25. The computer-storage medium of claim 24, wherein:
the set of values is a first set of values identified by the table scan node in scanning the table;
the column is a non-key column of the table; and
the filtering of values comprises applying the filter to a second set of values identified in scanning the table, the applying of the filter to the second set of values comprising discarding at least one value from the second set of values;
the operations comprise providing, by the table scan node, the filtered second set of values to the top k node.
26. The computer-storage medium of claim 24, wherein the performing the run-time pruning comprises skipping a scan of a range of values in the scanset based on metadata describing the table.
27. The computer-storage medium of claim 24, wherein the operations comprise performing, by the table scan node, read-version pruning using the current boundary during the scanning of the table.

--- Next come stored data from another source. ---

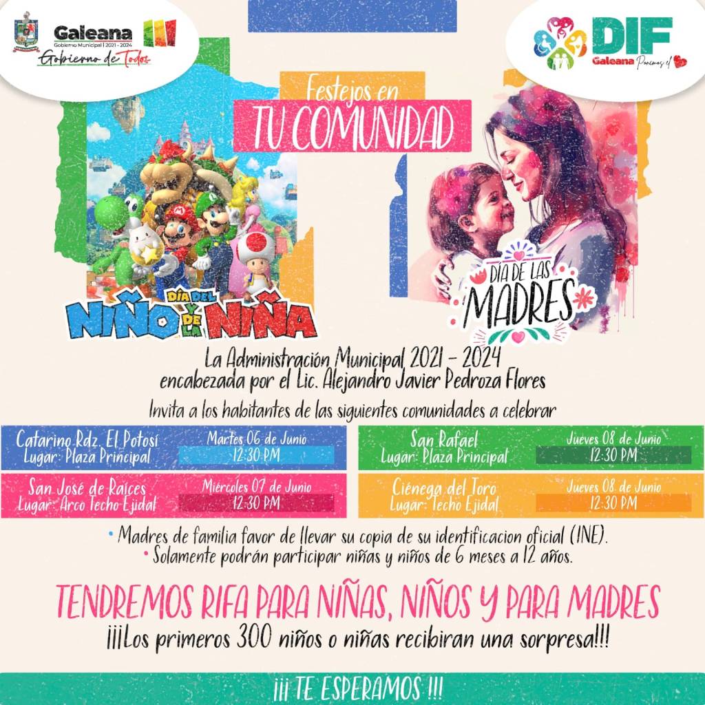 El Gobierno Municipal de Galeana realizan una invitación para Festejar por región por el día de Las Madres, Las Niñas y Los Niños de Galeana.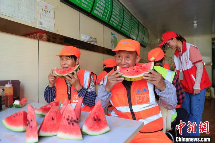 8月3日,在安徽省合肥市庐阳区林店街道官塘社区设立的一处爱心“清凉驿站”内,社区志愿者正在为一线环卫工人免费提供饮用水、西瓜、人丹等防暑降温物品。近日,合肥平均气温均在36度以上,为保障辖区一线环卫工人安全作业,社区在辖区沿街商铺开设多个爱心“清凉驿站”,让环卫工们在工作间隙有个清凉的休息环境。(张俊 赵明 史翠云)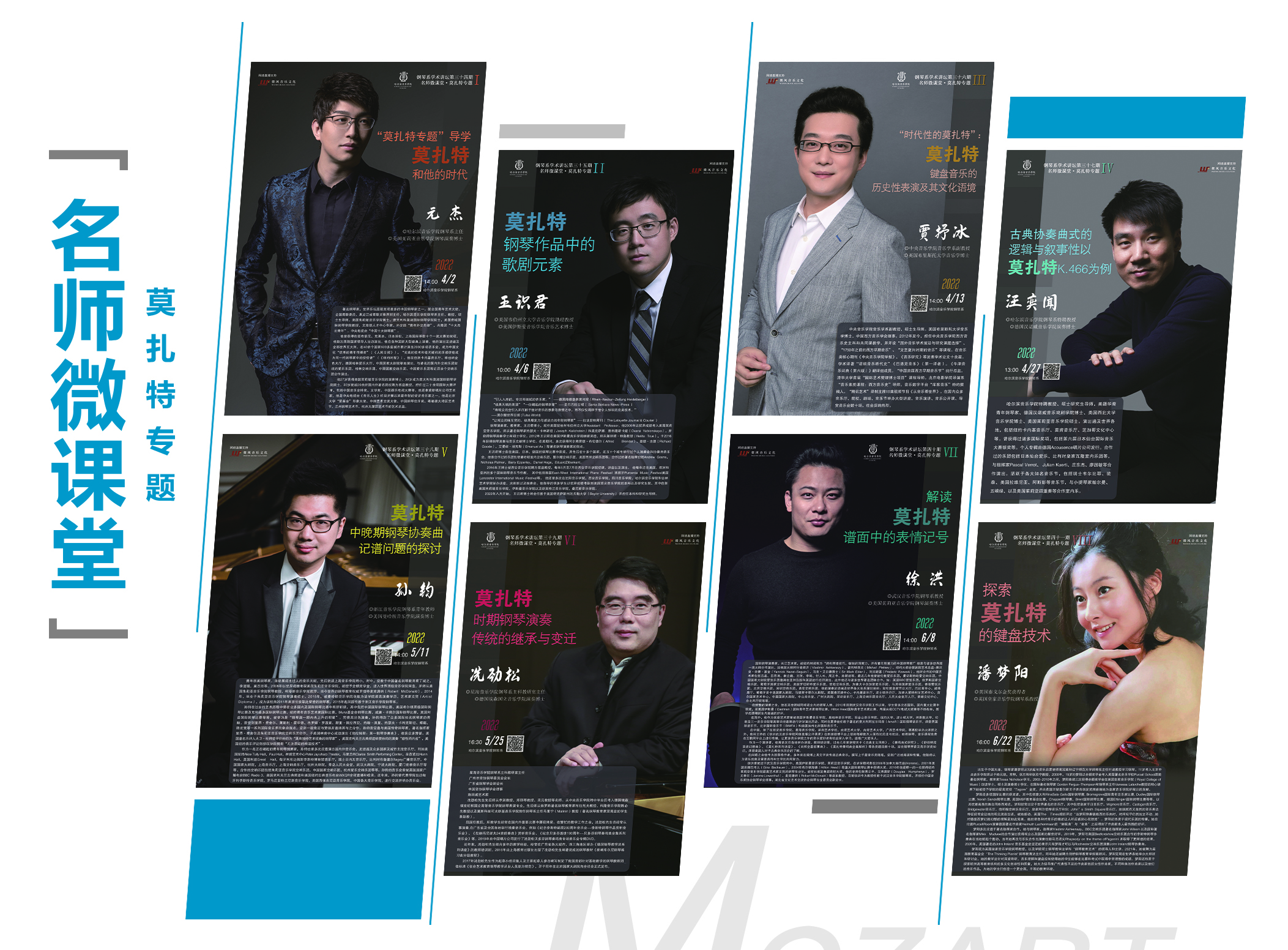 2021-2022学年“名师微课堂”选择聚焦古典时期作曲家莫扎特,邀请英国、美国以及国内各院校的专家,通过八场学术讲座,从音乐历史、风格定位、乐谱研究、舞台演奏等方面进行全方位、多角度的解读:《“莫扎特专题”导学——莫扎特和他的时代》(主讲人:永利23411集团钢琴系主任、美国茱莉亚音乐学院钢琴演奏博士元杰);《莫扎特钢琴作品中的歌剧元素》(主讲人:美国韦伯州立大学音乐学院助理教授、美国伊斯曼音乐学院音乐艺术博士王识君);《时代性的莫扎特——键盘音乐的历史性表演及其文化语境》(主讲人:中央音乐学院音乐学系副教授、硕士生导师贾抒冰);《古典协奏曲的逻辑与叙事性——以莫扎特K.466为例》(主讲人:哈音钢琴系特聘教授、硕士研究生导师汪奕闻);《莫扎特中晚期钢琴协奏曲记谱问题的探讨》(主讲人:浙江音乐学院钢琴系青年教师、美国曼哈顿音乐学院演奏博士孙钧);《莫扎特时期钢琴演奏传统的继承与变迁》(主讲人:星海音乐学院钢琴系主科教研室主任、德国埃森国立音乐学院演奏博士冼劲松);《解读莫扎特谱面中的表情记号》(主讲人:武汉音乐学院钢琴系教授、美国茱莉亚音乐学院钢琴演奏博士徐洪);《探索莫扎特的键盘艺术》(主讲人:英国泰戈尔金奖获得者、英国皇家音乐学院钢琴系教授潘梦阳)。
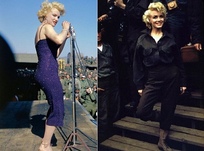 Мэрилин Монро была и остается символом эпохи 1950-х и кумиром последующих поколений. Помимо выступлений на съемочной площадке, в 1954 году актриса не побоялась отправиться в свое первое турне в зону корейского конфликта, чтобы поднять боевой дух американских солдат. В февральскую стужу звезда выступала в легком вечернем платье. Но и бесформенном военном наряде она выглядела не менее сексуально. В январе 1954 года Мэрилин Монро вышла замуж за американского бейсболиста Джо Ди Маджио. Медовый месяц молодоженов совпал с запланированной поездкой супруга на соревнования в Японию.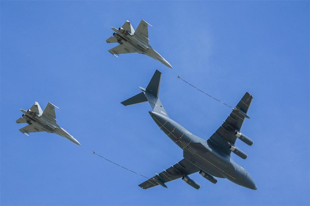 圖為運(yùn)油-20A和殲-16編隊(duì)通場。顏麟蘊(yùn) 攝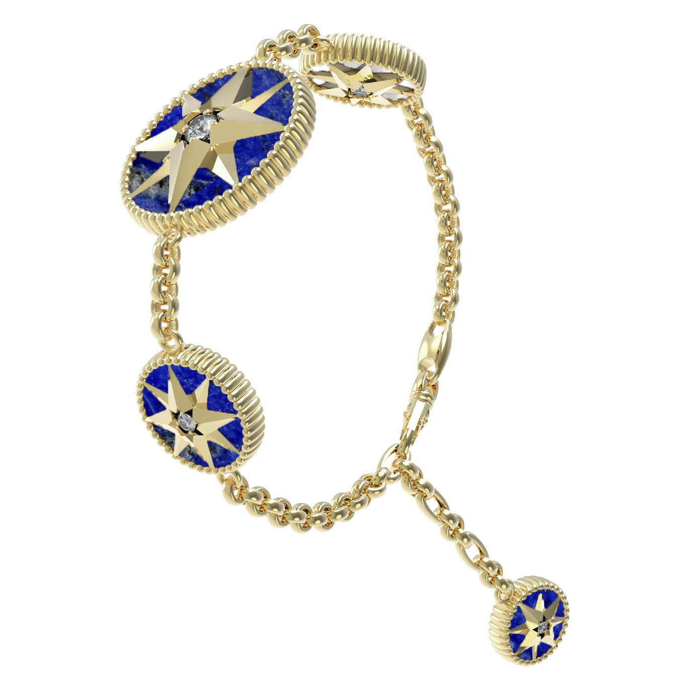 Браслет из лимонного золота c фианитом, лазуритом и перламутром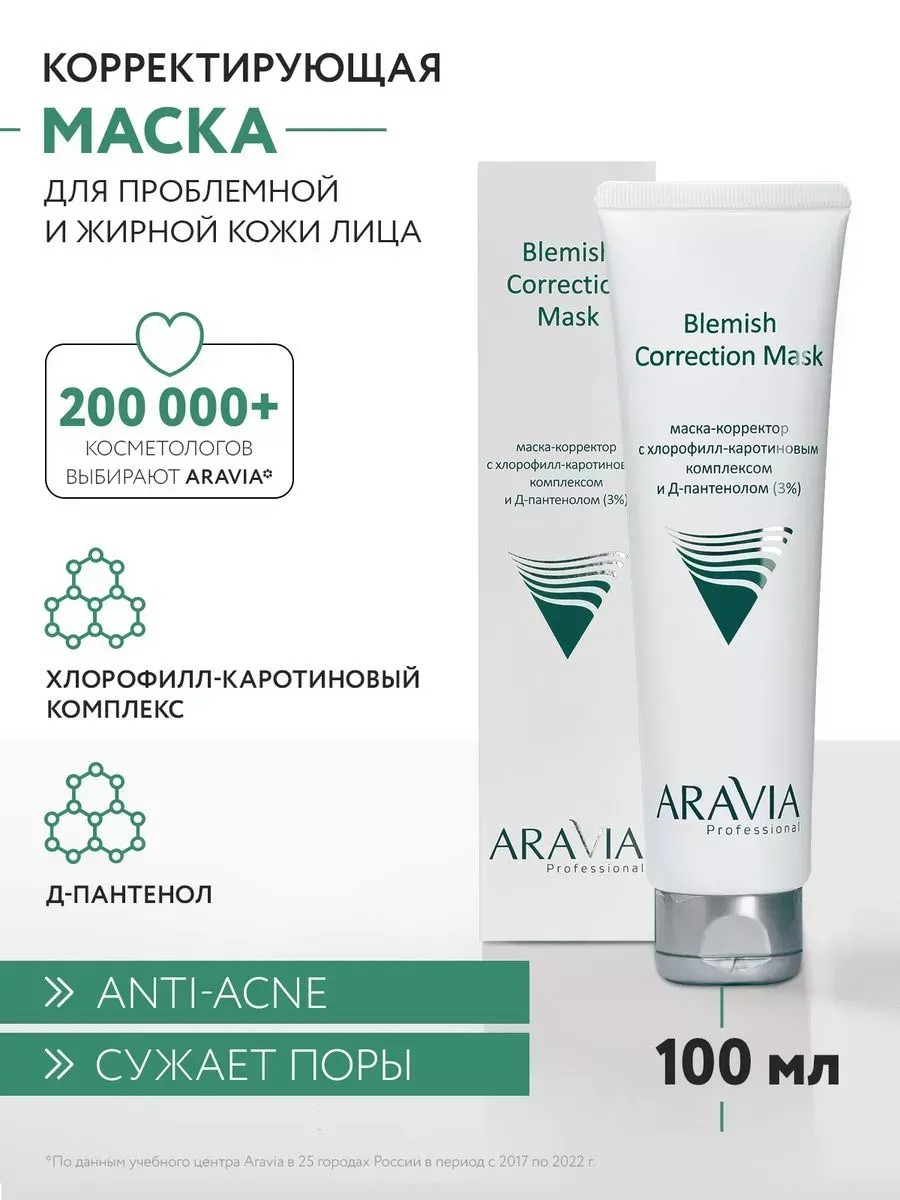 Корректирующая маска Blemish Correction Mask Aravia Professional - идеальное решение для ухода за проблемной, жирной и комбинированной кожей. Благодаря хлорофилл-каротиновому комплексу и д-пантенолу, данная маска обладает выраженным успокаивающим действием на воспалительные элементы, а также эффективно воздействует на жирную кожу, склонную к комедонам, угрям и сальным пробкам.

28. The computer-storage medium of claim 27, wherein:
the scanset comprises scanning ranges from multiple versions of the table;
performing the read-version pruning comprises:
comparing the current boundary against metadata for each scanning range in the scanset;
determining, based on the comparing, that all data in a particular version of the table is outside a range of potentially relevant results; and
pruning scanning ranges from the particular version of the table from the scanset based on the determining that all the data in the particular version of the table is outside the range of potentially relevant results.
29. The computer-storage medium of claim 24, wherein the operations comprise sorting the scanning ranges of the scanset prior to performing the run-time pruning.
30. The computer-storage medium of claim 29, wherein sorting the scanning ranges comprises sorting the scanning ranges based on the key column of the table and the first clause of the query.